The problem with makeup brushes
Makeup brushes can be insanely expensive. To get you to buy them, people will tell you they're an investment. And they're right. Makeup brushes aren't like makeup. They don't go bad, and you never use them up.
Need proof? I have brushes that are 20 years old.
That's the good and bad news about makeup brushes. You buy them, and sooner or later, they're not getting any love. They're still perfectly good, but maybe they're too scratchy. Maybe they shed. Maybe the handles are too short or too long. Maybe the little hairs go awry (this seems to happen all the time with my lip and eyeliner brushes, where precision is key).
Eventually, if you're like me and have a tendency to accumulate stuff, you end up with a ridiculous number of more-or-less expensive, excellent-quality makeup brushes. And it might be time to declutter. So join me, Internet, as I run through my inventory of brushes, and decide which to pitch and which to keep.
Where to start
I decided to start with my face brushes, i.e., blush, foundation, and powder. No need to start fooling around with eye makeup brushes--not yet. I need to husband my resources for that. Baby steps, people.

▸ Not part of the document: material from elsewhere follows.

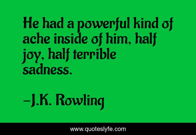 This page presents the quote "He had a powerful kind of ache inside of him, half joy, half terrible sadness.". Author of this quote is J.K. Rowling. This quote is about joy, sadness, feelings,.

I took my brushes and laid them out on top of
These are the blush brushes.
|From the top: MAC 168SE contour brush, Chanel blush brush (similar is $55), Shiseido blush brush ($38), MAC 187 duofiber "skunk" brush|
Of these, I would keep the Chanel for blushes that need a bit of persuasion, and the Shiseido, which is insanely soft, for blushes that don't need as much help traveling from the blush pan to my face. The MAC brushes are from one of those Nordstrom Anniversary Sale brush sets, and the quality is sub-par. They can go.
These are my face powder, blush, and specialty brushes
|Japonesque powder brush ($38); Japonesque blush brush ($35) Guerlain powder brush (similar $45), Lancome duofiber "skunk" brush (similar $27.50), Real Techniques face brush ($9.00), Nars bronzer brush (similar $52)|
These are mostly keepers. The only one I'd get rid of is the Nars bronzer brush. It was one of those legendary brushes ... but it picks up and deposits a LOT of product—more than I need. I really don't do bronzer, or contour, for that matter. Nars doesn't sell this brush any more. They've moved on, and so should I.
Other than that, I'm OK with keeping the rest of the brushes.
I like the Japonesque brushes. They shed a little, but they're wonderfully soft.
The Guerlain ... I don't know. I have no idea where I got that brush, and it's scratchy, as most Guerlain brushes can be. On the other hand, when you're dealing with Guerlain's Les Meteorites, you need a brush that will put a little English on the ballz.
The Lancôme is handy when I want to apply the tiniest amount of a scarily vivid shade.
The Real Techniques face brush is fabulous, all-purpose brush. You can use it for blush or powder, and I suppose, liquid foundation, since it has synthetic bristles. I love that you can just stand it up. And it's inexpensive!
Three to pitch
These are my foundation brushes. They all have those Taklon bristles which are supposedly good for blending liquid and cream products. I'm pitching them because I never liked applying liquid foundation with a brush.
|cheap no-name, Chanel (similar is $46), Paula Dorf ($35)|
Finally, these are my workhorse brushes--the ones you'd have to pry out of my cold, dead hands.
|Beauty Blender ($20), Bobbi Brown powder brush, Chantecaille powder brush, Rouge Bunny Rouge highlight brush|
I love the Bobbi Brown powder blush for applying blusher; the Chantecaille can't be beat for loose powder, and the Rouge Bunny Rouge highlight brush is great, too, and will really come in handy if I ever decide to get into this strobing thing that all the cool kids are doing.